Radius of well = d/2 = 7/2 m

Dimension of rectangular field = 22m × 14m

As we know that Volume of earth dug out from well = πr²h

= 22/7 × 7/2 × 7/2 × 20 = 770 m³

When this earth will spread on rectangular field, 

then the Height of platform formed on Rectangular Field = Volume of Earth dug out / Area of Field

= 770/ (22×14) = 2.5m

Given that,

Diameter of well = 14 m,

Radius of well = d/2 = 14/2 = 7m,

Depth of well = 8 m.

We know that Volume of Earth dug out from well = πr²h

= 22/7 × 7 × 7 × 8 = 1232 m³.

This earth spread out on width of 21 m.                           (Given)

Area × h = 1232

π(R² – r²) h = 1232

π(28² – 7²) h = 1232

22/7 (735) h = 1232

h = 1232×7 / 22×735 = 8624/16170 = 0.533 m = 53.3 cm

Hence, the Height of embankment is 53.3 cm.

Given that,

Diameter of base of cylindrical vessel = 56 cm

Radius of base = d/2 = 56/2 = 28cm

Dimensions of rectangular Solid Vessel = 32cm × 22cm × 14cm

Volume of rectangular Solid Vessel = 32 × 22 × 14 = 9856 cm³

Let us assume that the rise of water level is ‘h’ cm.
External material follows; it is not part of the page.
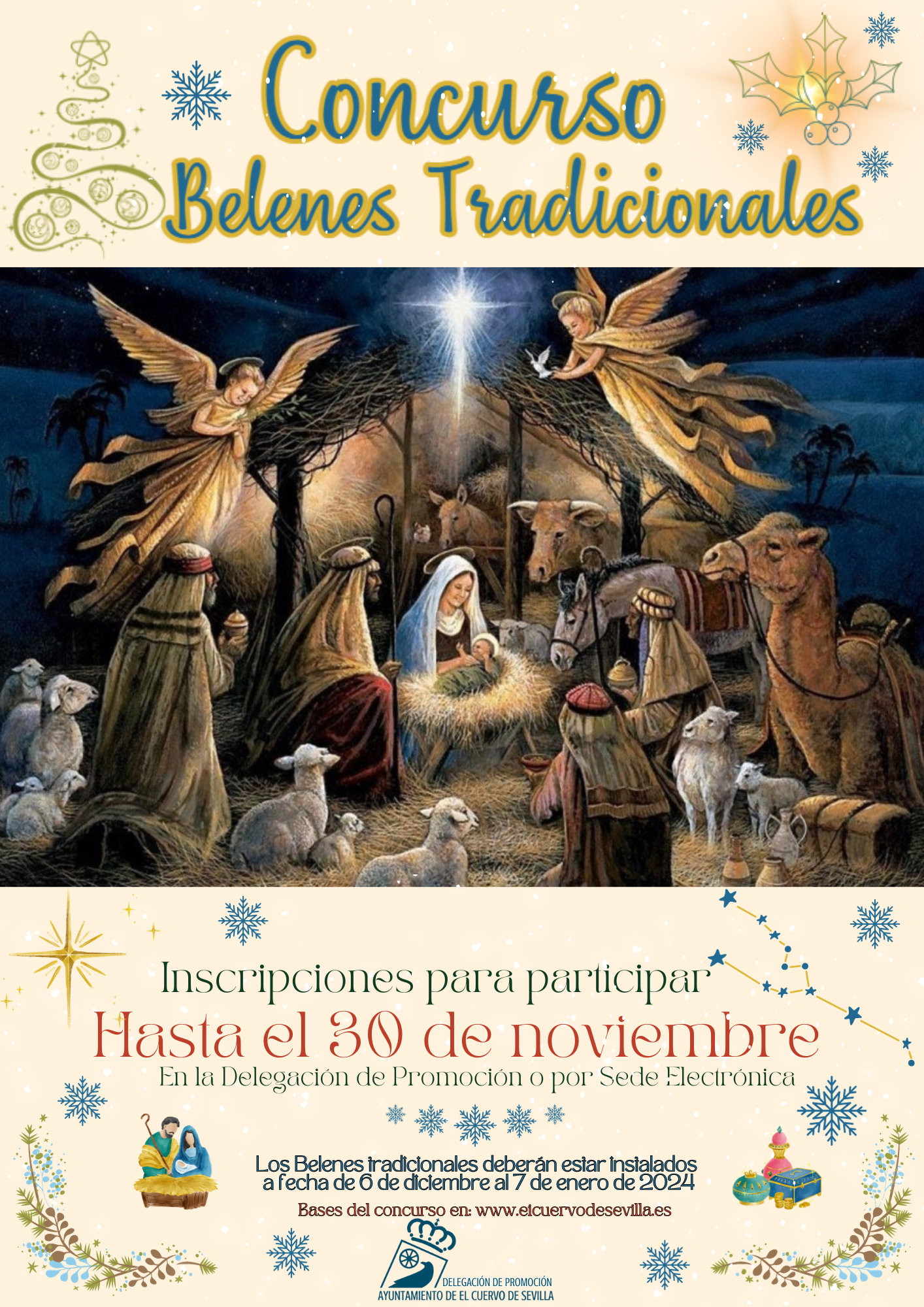 2. Todas las personas interesadas en participar en el Concurso de Belenes deberán inscribirse desde el día siguiente a la publicación de las bases hasta el 30 de Noviembre, en el Registro General del Ayuntamiento de El Cuervo o a través de la Sede Electrónica de la página web municipal: www.elcuervodesevilla.es, cumplimentando la correspondiente ficha de inscripción.

Volume of cylindrical container = Volume of rectangular solid vessel                (Given)

πr²h = 9856

22/7 × 28 × 28 × h = 9856

h = 9856×7 / 22×28×28 = 4cm

Hence, the Rise in Water Level is 4cm.

Given that,

Dimensions of rectangular sheet = 30 cm × 18 cm

Case 1.  When the paper is rolled along its length,

              2 πr = 30

              r = 30 / 2π cm

              Height = 18 cm

              We know that Volume of Cylinder V1 = πr²h

              = π × (30/2π)² × 18 cm³

Case 2. When paper is rolled along its breadth

             2πr = 18

             r = 18/2π cm

             Height = 30 cm

             We know that Volume of Cylinder V2 = πr²h

             = π × (18/2π)² × 30 cm³

             Hence Volume of Cylinder V1 / Volume of Cylinder V2 = (π × (30/2π)² × 18} / {π × (18/2π)²× 30)

              = (π × (30/2π)² × 18}×1/{π × (2π/18)²× 30)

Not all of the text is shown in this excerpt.